» WHAT IS EXPECTED
Leave the pictures out and print, word for word, the lines below from the one with "Весь корпус сделан" through the final line.

» DATA EXCERPT

===============

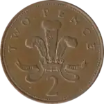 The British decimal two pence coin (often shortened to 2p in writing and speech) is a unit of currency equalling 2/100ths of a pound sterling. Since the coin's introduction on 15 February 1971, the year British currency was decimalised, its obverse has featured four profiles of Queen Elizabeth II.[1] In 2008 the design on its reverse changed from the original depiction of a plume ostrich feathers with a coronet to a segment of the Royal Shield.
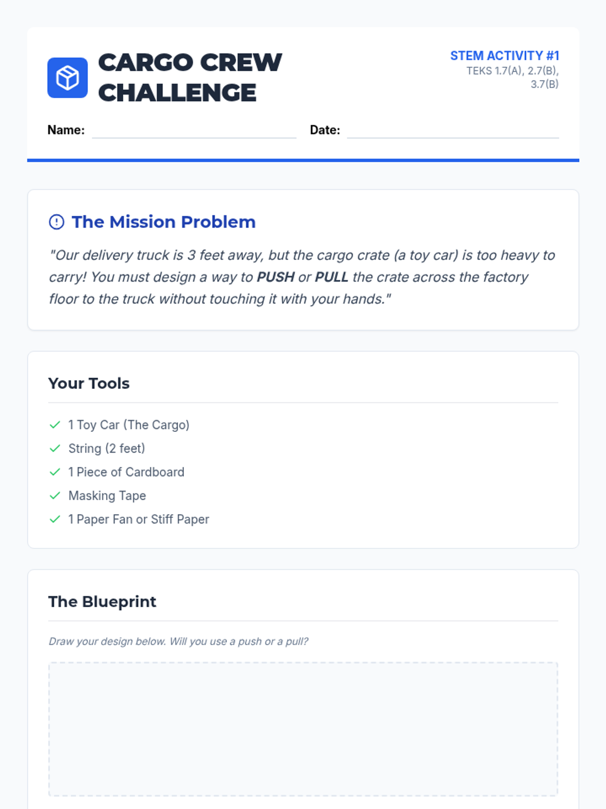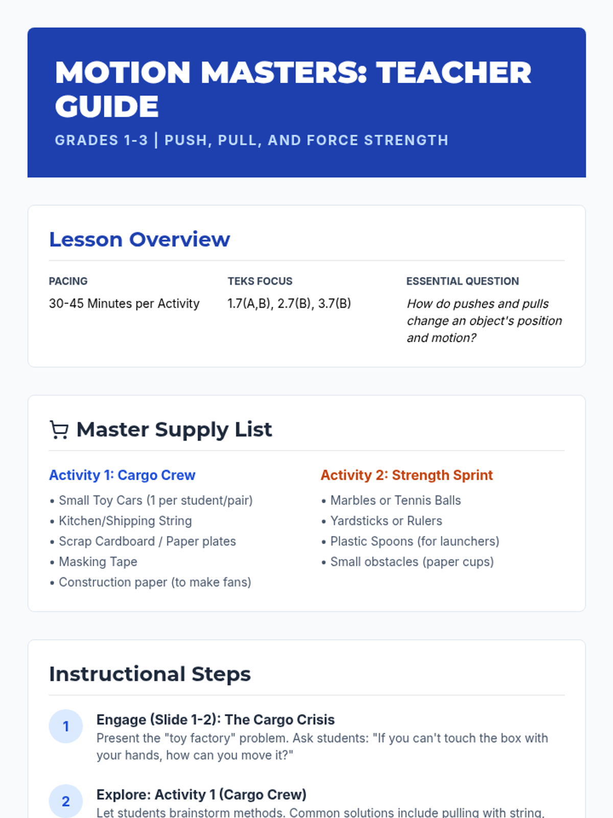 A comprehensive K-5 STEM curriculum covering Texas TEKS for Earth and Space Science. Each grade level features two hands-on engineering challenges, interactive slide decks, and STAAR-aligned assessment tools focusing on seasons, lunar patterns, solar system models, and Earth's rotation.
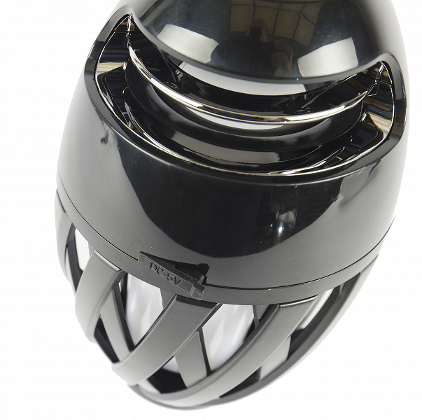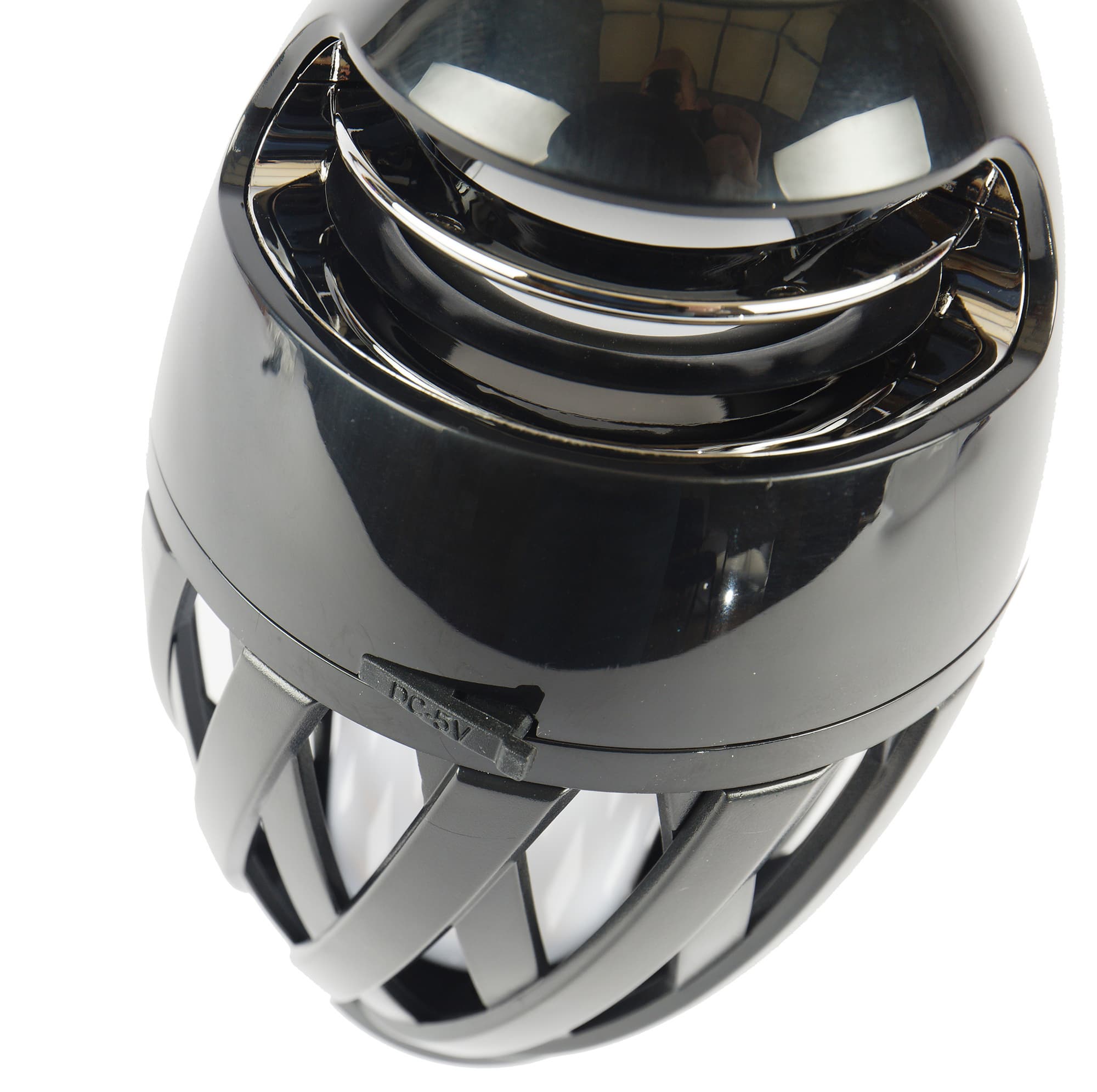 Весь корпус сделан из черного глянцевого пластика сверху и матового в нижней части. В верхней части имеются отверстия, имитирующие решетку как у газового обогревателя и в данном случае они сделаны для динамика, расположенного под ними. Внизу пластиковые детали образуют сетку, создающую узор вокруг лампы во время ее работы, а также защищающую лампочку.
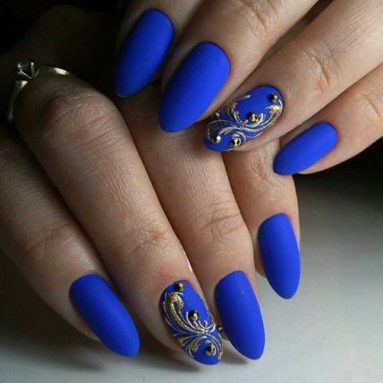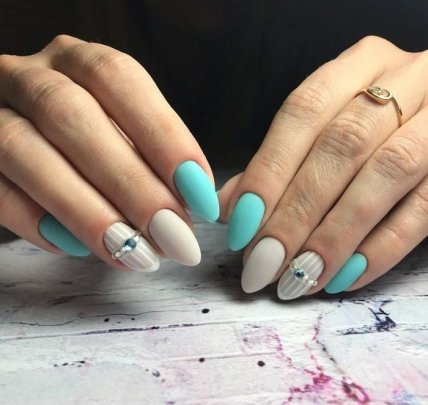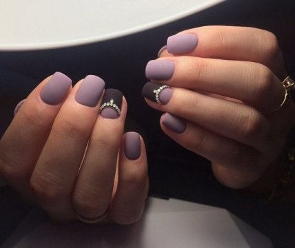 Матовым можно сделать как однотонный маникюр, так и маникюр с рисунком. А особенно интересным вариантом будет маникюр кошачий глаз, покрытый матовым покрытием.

===============

» RESPONSE BOX
 Весь корпус сделан из черного глянцевого пластика сверху и матового в нижней части. В верхней части имеются отверстия, имитирующие решетку как у газового обогревателя и в данном случае они сделаны для динамика, расположенного под ними. Внизу пластиковые детали образуют сетку, создающую узор вокруг лампы во время ее работы, а также защищающую лампочку.
 Матовым можно сделать как однотонный маникюр, так и маникюр с рисунком. А особенно интересным вариантом будет маникюр кошачий глаз, покрытый матовым покрытием.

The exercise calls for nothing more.